TASK PROMPT: Pictures do not belong in your copy. Repeat all the other data exactly.

─── DATA

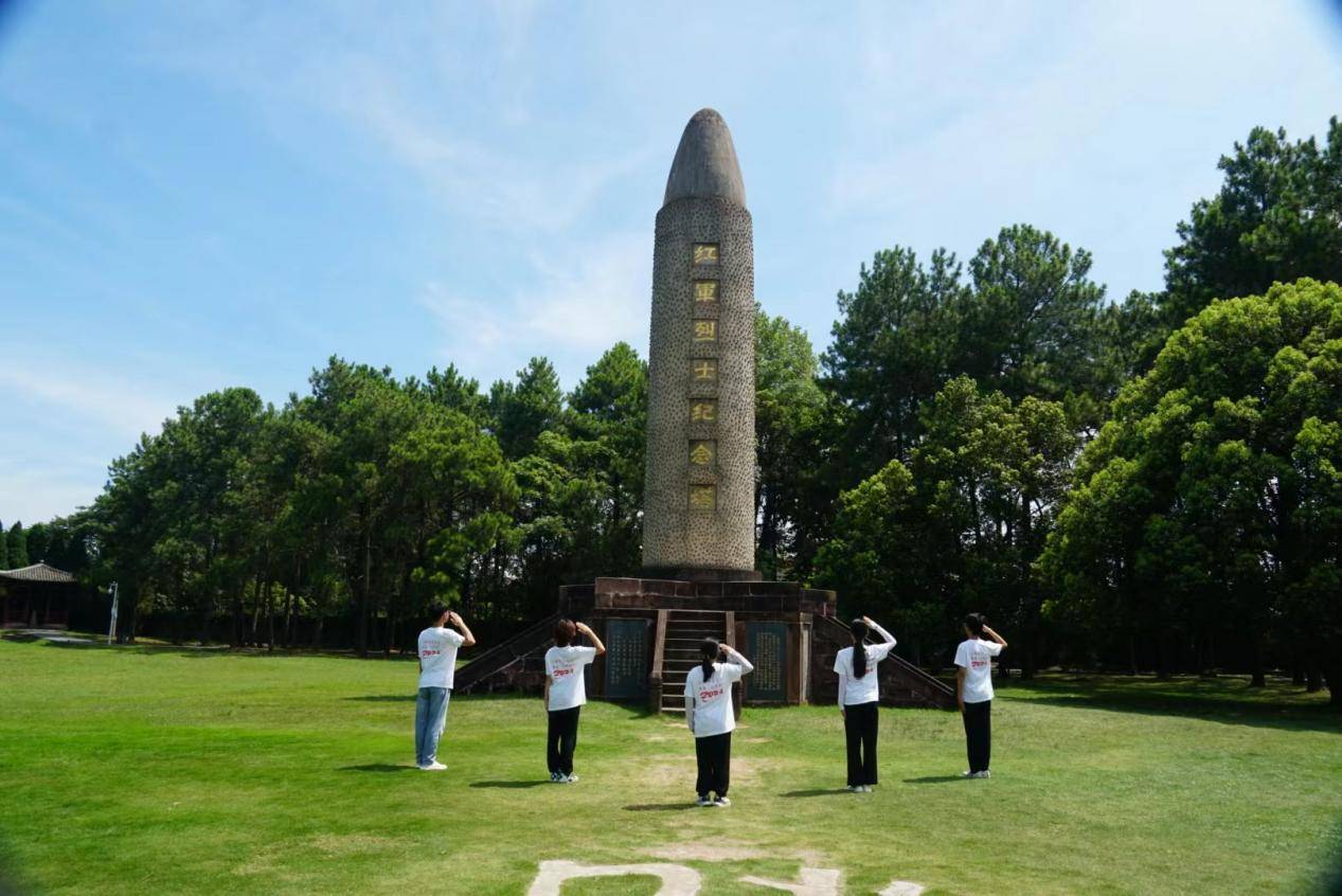 图为实践队员向红军烈士纪念塔敬礼。
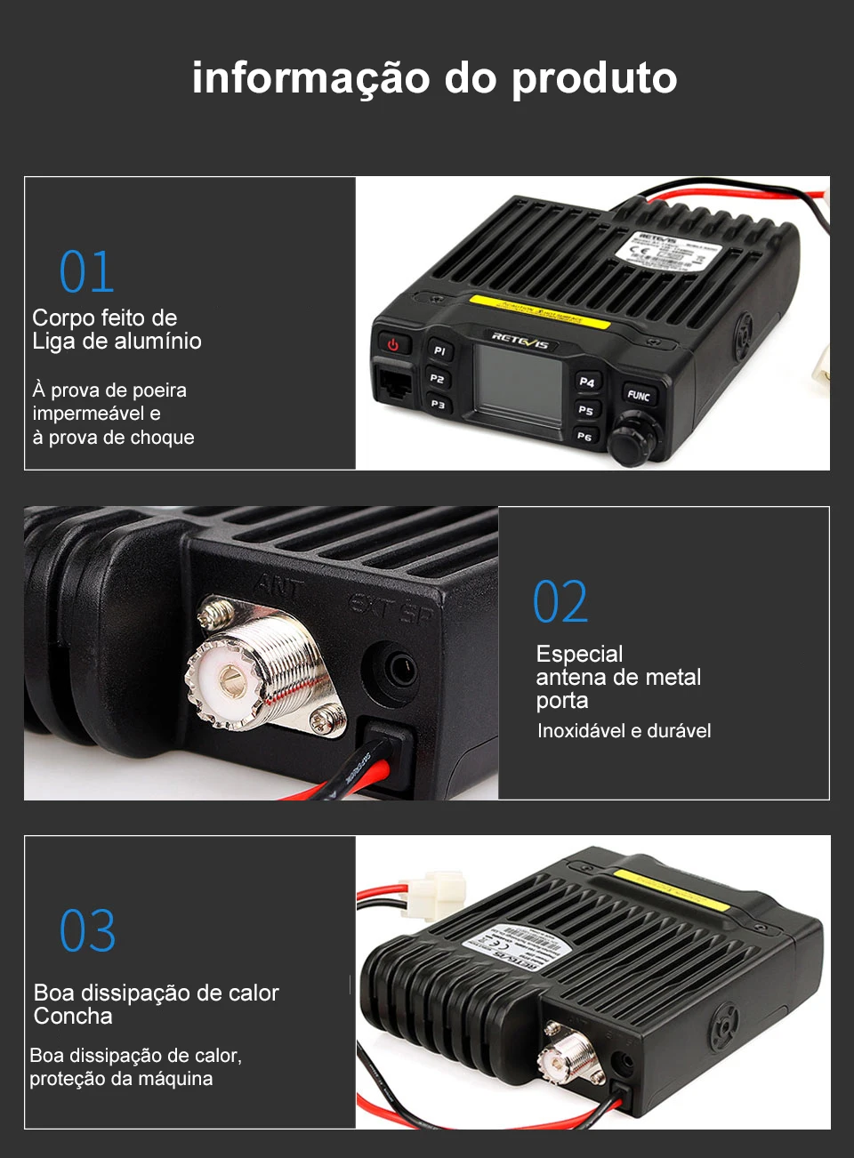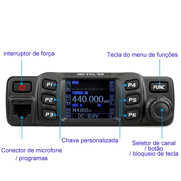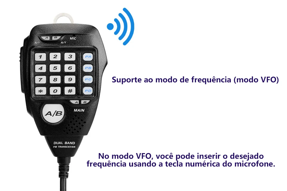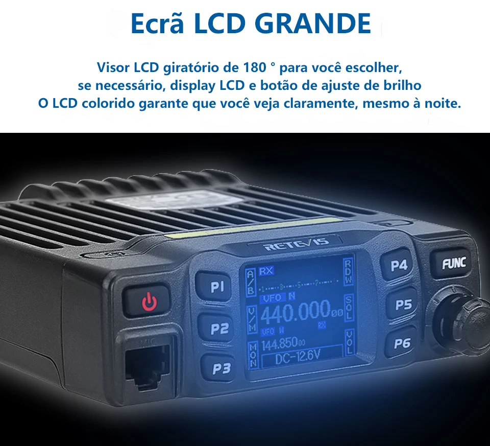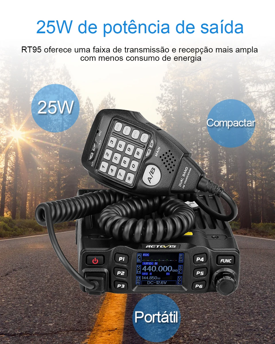 Potência de Saída de 25W Rádio Móvel Dual Band / Display Duplo / Duplo Monitoramento Canais de Memória Editáveis Grande Tela LCD CTCSS, DCS, DTMF, 5Tone Excelente Qualidade de Som Teclado Numérico
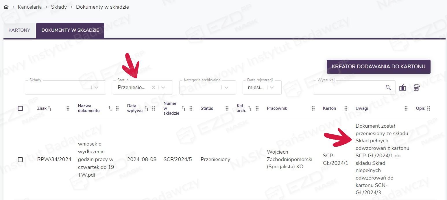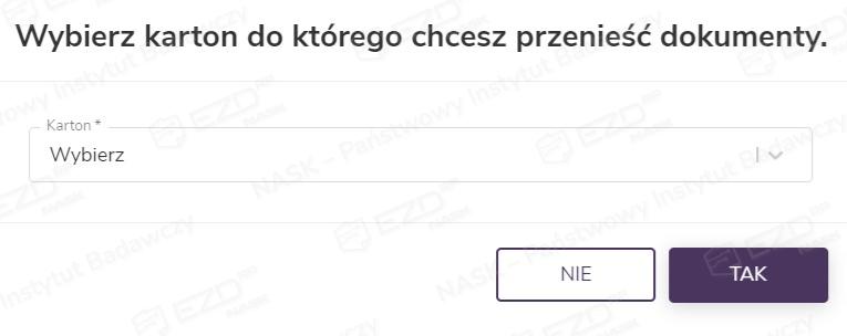 Jeżeli dokument jest już przyporządkowany do kartonu i chcemy przenieść go do innego w ramach tego samego składu, należy wybrać opcję Przenieś do innego kartonu.
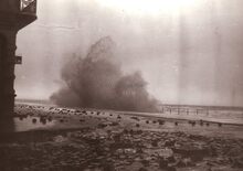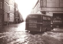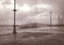 Zwaar stormweer,de golven slaan over aan de Albert I Β¨Promenade tegen hoek Capucijnenstraat (?).Veel stenen uit het wegdek gespoeld.

──────

OUTPUT BELOW:
 图为实践队员向红军烈士纪念塔敬礼。
 Potência de Saída de 25W Rádio Móvel Dual Band / Display Duplo / Duplo Monitoramento Canais de Memória Editáveis Grande Tela LCD CTCSS, DCS, DTMF, 5Tone Excelente Qualidade de Som Teclado Numérico
 Jeżeli dokument jest już przyporządkowany do kartonu i chcemy przenieść go do innego w ramach tego samego składu, należy wybrać opcję Przenieś do innego kartonu.
 Zwaar stormweer,de golven slaan over aan de Albert I Β¨Promenade tegen hoek Capucijnenstraat (?).Veel stenen uit het wegdek gespoeld.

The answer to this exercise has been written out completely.